There are images in this novel that will stay with me for years.

I'm a big fan and this is certainly one of his best novels, right there with works like The Wind Up Bird Chronicle, Norwegian Wood, and Hard Boiled Wonderland and the End of the World. Like all those works, reading the novel felt like slowly sinking into a well of dreams, and being enveloped in a mood of curiosity and off hand beauty/absurdity.

Some of the early reviews seem to be complaining about the book being repetitious, and the characters being too passive. All I can say is, this must be the first Murakami books you've read. This describes many of his books.
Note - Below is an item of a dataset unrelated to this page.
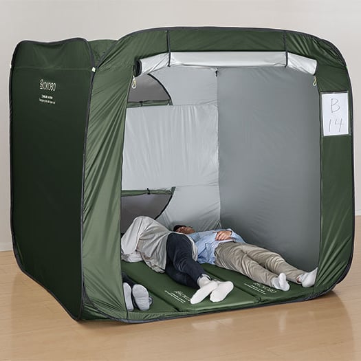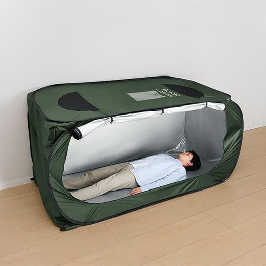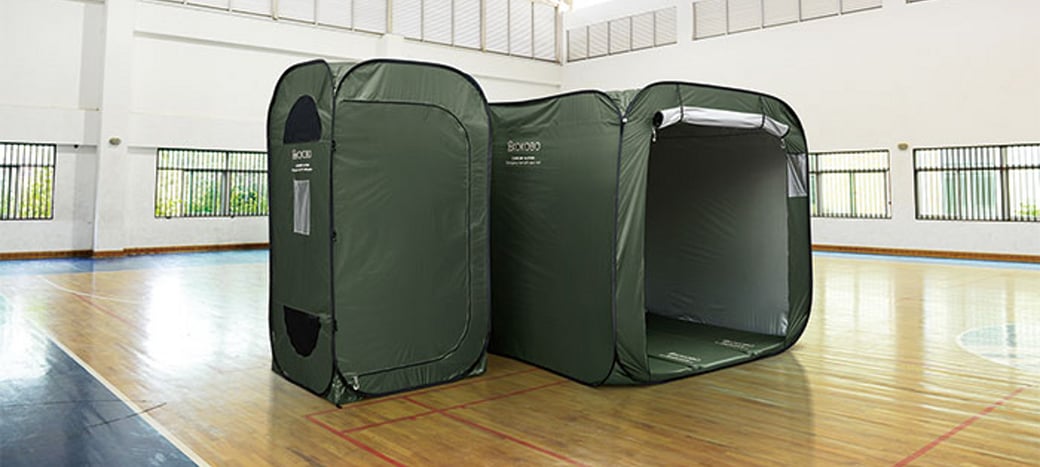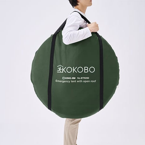 ファスナーで屋根が開けられる防災テント。換気や採光簡単で、大人3人までは入れる広々サイズ。

The passivity of the characters is actually essential to this book which deals with a world bereft of meaningful stories, and people susceptible to meaning that gives the false impression of depth [cults in this case].

Repetition is a form of making real in Murakami. The meanings are in the images, the images often begin as shadows, the novel takes those shadows and through echoes like a jazz song it breaths life into them: sometimes quite literally as in his book Hard Boiled Wonderland. I love it, but someone not used to it might find it odd.

As far as the more fantastic elements, I'll let Murakami speak for himself:

"I don't want to persuade the reader that it's a real thing; I want to show it as it is. In a sense, I'm telling those readers that it's just a story--it's fake.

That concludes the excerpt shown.